*The problem:*
Please restate word for word the lines of the entries below from the one with "Заметим, что на" to the one with "A whimsical matte", inclusive, and leave out every picture.

*Dataset records:*
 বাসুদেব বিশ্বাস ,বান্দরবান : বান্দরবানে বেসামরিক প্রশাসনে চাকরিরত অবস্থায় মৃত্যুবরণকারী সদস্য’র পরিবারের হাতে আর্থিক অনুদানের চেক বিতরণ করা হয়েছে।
--
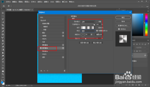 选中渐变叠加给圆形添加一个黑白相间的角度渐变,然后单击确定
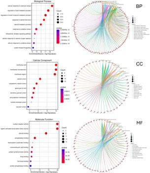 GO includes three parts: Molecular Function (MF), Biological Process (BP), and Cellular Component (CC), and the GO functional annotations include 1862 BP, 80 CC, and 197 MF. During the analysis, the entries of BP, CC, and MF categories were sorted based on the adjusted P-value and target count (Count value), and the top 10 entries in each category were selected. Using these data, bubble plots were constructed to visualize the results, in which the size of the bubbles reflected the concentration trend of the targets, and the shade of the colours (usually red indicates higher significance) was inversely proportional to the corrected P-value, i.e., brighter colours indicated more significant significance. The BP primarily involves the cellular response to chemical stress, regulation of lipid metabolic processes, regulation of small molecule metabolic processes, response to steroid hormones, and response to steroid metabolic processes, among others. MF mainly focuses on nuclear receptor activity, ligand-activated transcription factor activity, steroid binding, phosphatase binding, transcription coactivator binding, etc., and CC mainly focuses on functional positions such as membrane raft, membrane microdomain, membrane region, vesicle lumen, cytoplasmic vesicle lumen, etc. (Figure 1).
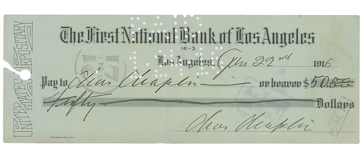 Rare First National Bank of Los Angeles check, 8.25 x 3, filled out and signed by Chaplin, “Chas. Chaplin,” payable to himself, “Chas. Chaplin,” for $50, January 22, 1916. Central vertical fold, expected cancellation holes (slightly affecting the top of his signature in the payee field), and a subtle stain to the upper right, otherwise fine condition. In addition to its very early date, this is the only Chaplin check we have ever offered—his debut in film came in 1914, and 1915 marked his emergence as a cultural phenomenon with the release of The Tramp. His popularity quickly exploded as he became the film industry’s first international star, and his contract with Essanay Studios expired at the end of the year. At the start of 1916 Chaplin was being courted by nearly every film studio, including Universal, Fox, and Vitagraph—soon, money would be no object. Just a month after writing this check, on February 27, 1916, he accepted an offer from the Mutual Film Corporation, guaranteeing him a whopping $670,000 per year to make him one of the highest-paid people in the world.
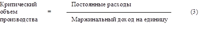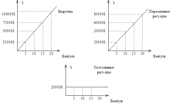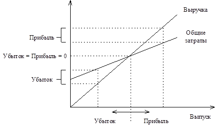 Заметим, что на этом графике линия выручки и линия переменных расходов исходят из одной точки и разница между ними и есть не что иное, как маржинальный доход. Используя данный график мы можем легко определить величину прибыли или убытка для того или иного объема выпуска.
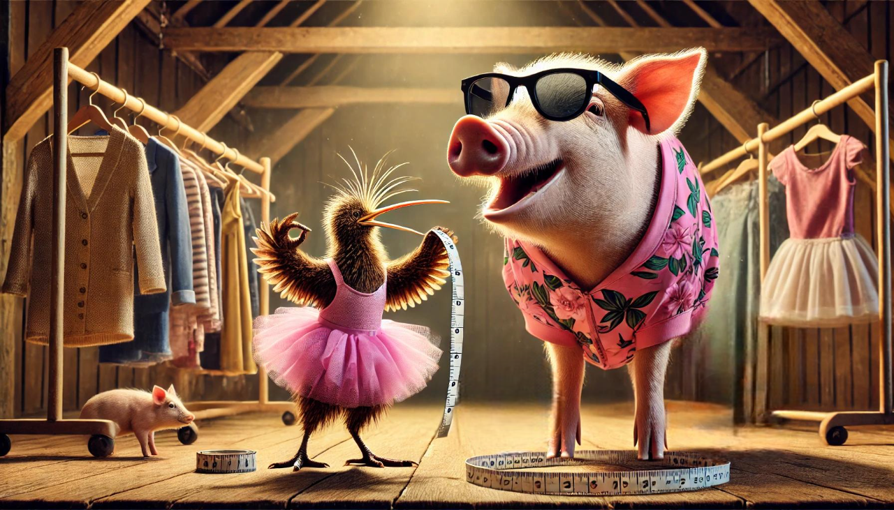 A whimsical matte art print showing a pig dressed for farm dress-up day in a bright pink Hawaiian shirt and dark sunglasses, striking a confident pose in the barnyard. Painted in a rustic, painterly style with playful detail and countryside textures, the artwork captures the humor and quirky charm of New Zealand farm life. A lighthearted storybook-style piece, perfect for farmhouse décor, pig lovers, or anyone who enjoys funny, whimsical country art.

*Problem solution:*
 Заметим, что на этом графике линия выручки и линия переменных расходов исходят из одной точки и разница между ними и есть не что иное, как маржинальный доход. Используя данный график мы можем легко определить величину прибыли или убытка для того или иного объема выпуска.
 A whimsical matte art print showing a pig dressed for farm dress-up day in a bright pink Hawaiian shirt and dark sunglasses, striking a confident pose in the barnyard. Painted in a rustic, painterly style with playful detail and countryside textures, the artwork captures the humor and quirky charm of New Zealand farm life. A lighthearted storybook-style piece, perfect for farmhouse décor, pig lovers, or anyone who enjoys funny, whimsical country art.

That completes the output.